Liaoning borders North Korea, so perhaps this lineage arose there. In epidemiological terms, North Korea is essentially an island. It seems possible that lineages could arise and circulate there for a long period of time before reaching other countries.

image
HynnSpylor commented 1 year ago

@ryhisner The long-distance transmission (more than 1000km) does need further tracking.

I have checked the Metadata. The early 5 seqs are collected in Shenyang City, which is not at the border. If it arose in North Korea, some border cross in Jilin Province may also detect it - Actually in last spring, these China-North Korea border cities circulated BA.2.3 sublineage, which was not consistent with other parts of China (mainly BA.2.2 from Shanghai). Hence I suggest it is not likely originated in North Korea.

xz-keg commented 1 year ago

I have checked the Metadata. The early 5 seqs are collected in Shenyang City, which is not at the border. If it arose in North Korea, some border cross in Jilin Province may also detect it

Bordering cities of Jilin and Liaoning have very few sequences uploaded to GISAID.

Number of seqs uploaded to GISAID since 2020: Dandong, 12 Tonghua, 0 Yanbian, 13

With so few seqs it is really hard to "detect".

FedeGueli commented 1 year ago

Thx @ryhisner and everyone for keeping it monitored.

FedeGueli commented 1 year ago

EPI_ISL_17652380 is known to belong to this lineage. i found it looking for different things. just asking.

Checking it is not mentioned here. now ushering

It seems new to me:

collected 2023-04-20 Liaoning Female 72

Schermata 2023-05-26 alle 22 32 03 https://nextstrain.org/fetch/genome.ucsc.edu/trash/ct/subtreeAuspice1_genome_3eee5_1167d0.json?c=userOrOld&label=id:node_9522215

Alternative Gisaiad query: 2110A,A4851G finds all 7 sequences now.

cc @ryhisner

FedeGueli commented 1 year ago

Schermata 2023-05-26 alle 22 54 35 the Guangdong sample clusters with this last discovered Liaoning one: with

C6224T (ORF1a:H1987Y) + T4579A

Over-There-Is commented 1 year ago

And the Guangdong sequence was detected by Shenzhen Customs, which means it is imported from somewhere out of China Mainland.

Over-There-Is commented 1 year ago

according to GenBase, EPI_ISL_17652380 is collected in Panjin, which is also not bordering to DPRK. image

Over-There-Is commented 1 year ago

I have checked the Metadata. The early 5 seqs are collected in Shenyang City, which is not at the border. If it arose in North Korea, some border cross in Jilin Province may also detect it

Bordering cities of Jilin and Liaoning have very few sequences uploaded to GISAID.

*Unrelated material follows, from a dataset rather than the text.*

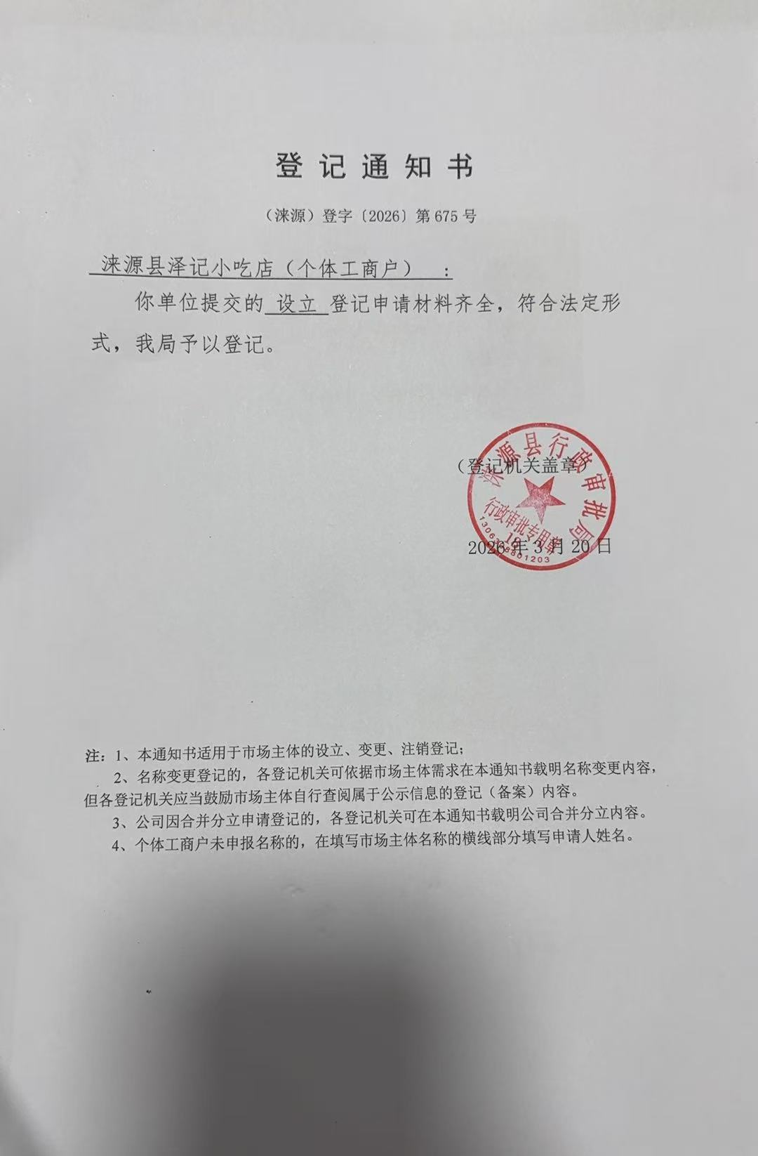 关于涞源县柏睿快餐店准予食品小餐饮登记决定的公示
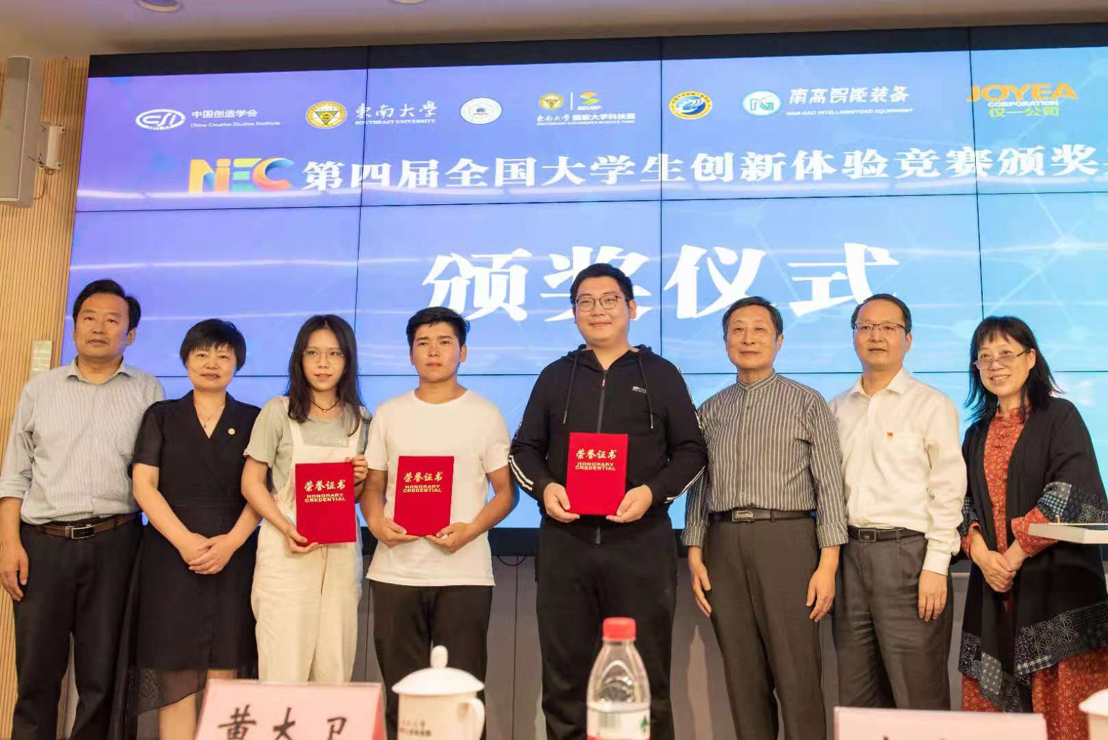 在颁奖环节中,竞赛评委会主席李嘉曾教授致颁奖辞并宣读了获奖名单。MK平台党委书记、中国创造学会副理事长张志胜,东大科技园总经理、竞赛组委会主任贾方,中国创造学会副秘书长、安徽工业大学教授冷护基分别为获奖代表颁发了获奖证书。

Number of seqs uploaded to GISAID since 2020: Dandong, 12 Tonghua, 0 Yanbian, 13

With so few seqs it is really hard to "detect".

2023-06-01 (1) 2023-06-01 (3) Although still so few, Yanbian and Tonghua actually have uploaded sequences more than this.

Over-There-Is commented 1 year ago

I have checked the Metadata, the sequences uploaded between 04-01 to 04-12 are all tagged as collected in Shenyang, the Capital of Liaoning Province, and also where the Liaoning CDC locate in. But many of them are actually collected in somewhere else. The earliest 5 of the sequences in this lineage are collected then, and they are all actually from Panjin, which is a harbor city. I still suspect this lineage originated in DPRK, but somewhere else is also possible.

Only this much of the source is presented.